I wrote a pages-long comment that haloscan (irony of ironies) seems to have lost -- so I'll attempt to repeat myself here --

I often, often find myself toning down my gratitude so as to keep it within the supposedly "normal" range. I used to view this tendency to effusion with suspicion. Now I'm more prone to think of it as an unfashionable accuracy.

The prospect of being without words terrifies me. Funny that it should, since I'm so often dissatisfied with them, disappointed in them for not be able to break me out of my solitude. But facility with words is maybe my most deeply treasured personal territory. It's only today that I've recognised that my recent crisis over whether to keep a practice journal is not a detour or a side-issue, but the main road of the dharma -- this is the deepest attachment I have. "Can't I practice the dharma and lose all my other attachments, but keep just this little one?" -- a dead give away that I've come to the central issue.

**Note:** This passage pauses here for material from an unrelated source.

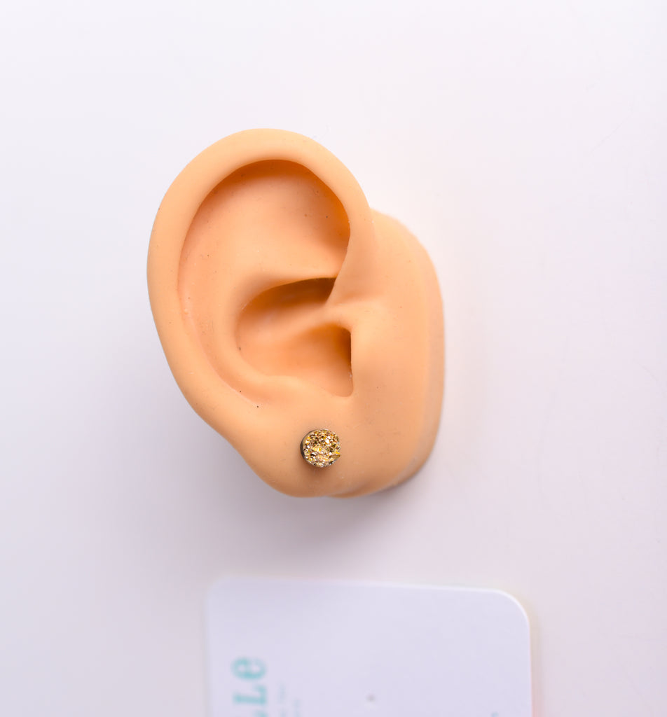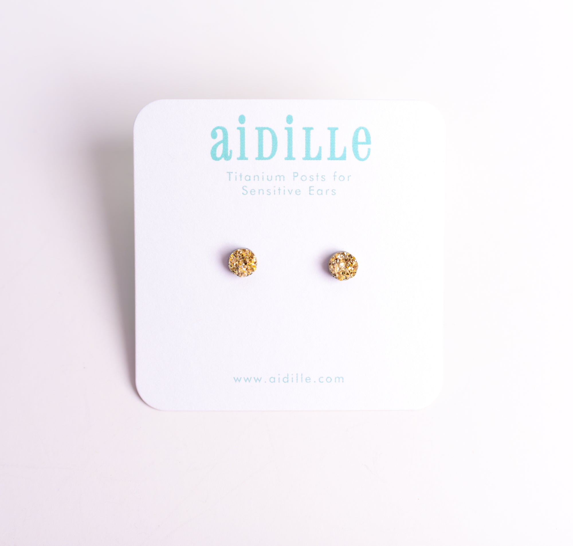Earrings are hand assembled using commercial charms and medical grade titanium posts. Colors may vary based on monitor settings.
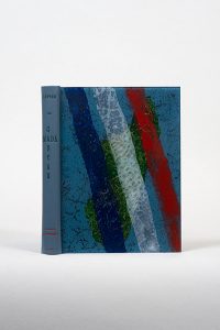 Lettre de Madagascar. Sur la presse de l'auteur à la campagne, 1949. In-12, reliure à plats rapportés, plats de plexiglas à impressions, dos de box bleu ciel titré, doublures et gardes de papier imprimé, couverture et dos conservés, étui (Daniel Mercher). Édition originale limitée à 75 exemplaires numérotés sur Arches. Rare.

I remember vividly learning to read, the sense of triumph, of coming into my heritage. I keep learning new languages partly, I think, chasing the echo of that triumph.

A second funny thing, for someone so wrapped up in words, is that I don't really believe them. "Words, words, words... why, it says here that old men have gray beards!" Words are evasions, spins, cover-ups, weapons, substitutes. "En arxe en o logos" -- "In the beginning was the word" -- has always struck me as preposterous. Words come after.

Revealing a tendency to hypergraphia myself, here, and I'm not at all sure where I'm coming from or where I'm headed with it. I think I'm working my way around to my own obscure version of "thank you."